I nod and watch as Ethan leaves bringing in a nurse followed shortly by a doctor. I resign myself to spending the rest of the day going through a million tests to ensure I’m okay just like last time, but I already know I am. I feel more determined than I ever have before. I’m tired of living for Ethan, or Laura, or Landon, or anyone other than me. I’m tired of not putting myself first. I’m tired of not going after what I want. And what I want is to destroy the men who have attacked me over and over. I want to find a way to make a difference in the world with photography, not just snap photos of pretty models and famous people. I don’t want to stop working and just have babies with Ethan. I want to be able to choose if I want Ethan or Landon or any other guy on the planet. I don’t want to feel obliged to stay with Ethan just because I married him before I lost my memory. First, though, I want revenge.

***

“Thank God, you’re all right,” James says running over engulfing me in his arms. I see Ethan stiffen in his chair behind James. His eyes glaring menacingly at James in a way I don’t understand. A hug is innocent enough.
 

“How are you feeling? Are you going to be okay?” James asks sitting on the edge of my bed with concern etched in his forehead.
 

“I feel okay. Just a little beaten and bruised, but all the tests so far indicate that I will make a full recovery.”
 

“Alexa I’m ... I’m so sorry.”
 

“For what?” My forehead scrunches in confusion at what James could be sorry for.
 

“I should have protected you. It’s my job to protect you, and I failed. I’m so sorry. How can you ever forgive me?” I stare in disbelief as tears sting his eyes.
 

“This is not your fault,” I say sternly, placing my hand on his, trying my best to reassure him. “We thought the danger was gone.
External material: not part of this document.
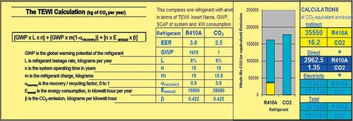 Wie eingangs erwähnt, unterscheidet sich die VRV-CO 2 -Anlage zur R 410 A-VRV-Anlage auch in der energetischen Effizienz. Die VRV-CO 2 -Anlage hat vor allem im Heizbetrieb ihre Stärke, dort liegt der COP bei 3, während der EER in der Betriebsart Kühlen bei 2 liegt. Bei einer ausgewogenen Jahresverteilung der Betriebsarten (Kühlen 50 Prozent und Heizen 50 Prozent) liegt die Leistungszahl folglich bei 2,5. Die R 410 A-VRV-Anlage weist dagegen eine durchschnittliche Leistungszahl von 3,6 auf. Beide Berechnungen beziehen sich auf eine Betriebsdauer von 15 Jahren. Betrachtet man die CO 2 -Emissionen (indirekte, direkte und Stromverbrauch) beider Anlagen über diesen Zeitraum, so zeigt sich, dass auch hier die R 410 A-VRV-Anlage mit insgesamt 161 948 t besser abschneidet als die VRV-CO 2 -Anlage mit insgesamt 177 746 t. Dies liegt vor allem an dem höheren Stromverbrauch des VRV-CO 2 -Systems. Steigt der Anteil der erneuerbaren Energien am Strommix in den nächsten Jahren, so verbessert sich auch die CO 2 -Bilanz des VRV-Systems.

They were in jail. We all let down our guard. It’s nobody’s fault.”
 

“Maybe, but I should have been protecting you. I won’t stop protecting you. I won’t let my guard down again.”
 

I smile, but inside, I’m dying. How am I supposed to go after the people who did this to me if James is always here? I will have to shake Ethan and James to hunt these people down. There is no way either of them will let me out of their sights now.